Mimic Suitcase
Learn Blender and Rigging
My experience with Maya made learning Blender fairly straightforward. Ironically, it was difficult to learn the underlying intricacies of rigging when every solution pointed towards the use of Blender's helpful add-ons. So, I chose an abnormal object that could utilize a variety of rigging techniques, focusing my research on specific aspects of the process while keeping track of my progress through weekly devlogs.
The resulting Mimic Suitcase features a telescopic handle with push locks that slide into place automatically, a front lid to open and reveal a stretchy tongue, teeth that protrude and conceal with scale for exaggerated animation, and wheels that can be controlled independantly, universally, and with the option to spin appropriately while moving the object.
Tongue has been weight painted to squash and stretch appropriately, with control bones to manipulate its shape, adjust the easing in and out of it's curvature, and easily fold into / unfold out of the case. The model and rig scale appropriately with adjustable constraints to limit its capabilities and avoid accidental breaks.
For this assignment, students are asked to choose any aspect of art fundamentals they wished to study - and rigging was an area I was the least enthused or comfortable with. In spite of this, I chose now of all times to take advantage of my curriculum to study unfamiliar territory. Drivers, constraints, weight painting, custom shapes, and bones themselves; I approached this task with near-zero understanding of either of these aspects, and have left with a great enjoyment of the process. (In all seriousness, when I got those tiny handle locks to pop in automatically, the feeling was unreasonably euphoric.)

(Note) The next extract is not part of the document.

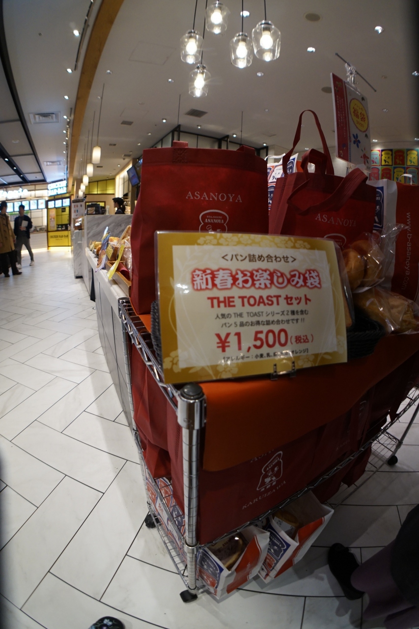 オープンタイプのパン屋の前で、お正月の風物詩である、福袋が売られていました。中身は、見えるようになっており、買う人のことが考えられているな、と感じました。

As my first Blender project, I'm very pleased with these results, and have a newfound appreciation for rigging that I hope to pursue further.
Blender, PureRef, Google Drive, OBS
Character Design, Documentation, Modelling, Drivers, Weight Painting, Rigging













From The Sky
Create a playable scene from an unlit setting as a specified genre
Using a portion of the main floor from "What Remans of Edith Finch" made accessible by the developers, I was assigned the genre of Survival Horror.
The scene's narrative pays homage to Warner Brother's "The Iron Giant", with visuals, audio, and the hero prop focused on aspects of the Giant from the film. Growing up with this film, I took inspiration from the glimpse of horror presented in its finale, and wanted to challenge myself by placing that sensation within a survival horror atmosphere.
6 different camera angles move throughout the active scene which contains numerous visual and audio cues, timed to take place appropriately within every camera shot left untouched. However, players have the ability to navigate between cameras, play, pause, stop, reset, full screen and window the scene with the on-screen UI. Each environmental cue opperates independant from the cameras, allowing players to witness the scene unfold from different angles.



Each camera angle faces the direction of an important aspect of the scene. Most of the shots face in the direction of the "false moon", the only exceptions being camera 2, which focuses on a microwave suspiciously turned on before blowing out, and camera 3, which faces th front door as loud footsteps can be heard from outside. Neither of these angles ever truck in forward; they either stay or move towards a wall behind them or the ground below them, making the player feel cornered and small in comparison to the sights and sounds around them.
Each section of the environment is pronounced through lighting using varying colour schemes and techniques. The living room is cold blue with a single, bright light from the television as the main focus. The kitchen is an unappetizing green with an uneven blend of candle and oven lighting. Upstairs is warm yet dim from a knocked over lamp as the would-be focus. The hallway, as a bridge between each room, is lit in a way that mixes the three, while the dining hall, unaffiliated with the hallway or any camera angle, remains in near complete darkness.
Unreal Engine 5
Direction, Production, UI, Programming, Lighting, Cinematography, Sound Design
Dropoff
Create and animate a crane, vehicle, and container
Started by creating a mood board to find a consistent tone and aesthetic, then plotted out orthographic views of each object using Adobe Illustrator. Modelled, UV mapped and rigged in Maya to be texured using Substance Painter. Ported into Unity for storyboarding/animatics before fully animating.
Model and rig created from scratch, animation was keyframed without defined physics, default textures in substance painter were heavily edited and modified.
I chose an aesthetic that could suggest a narrative by contrasting futuristic models with textures of varying scuff, grime, and an implied foreign technology that comes to life in the animation. I wanted to exaggerate the movements of the vehicle in order to give it character alongside the crane, providing more opportunities to animate the containers along with it.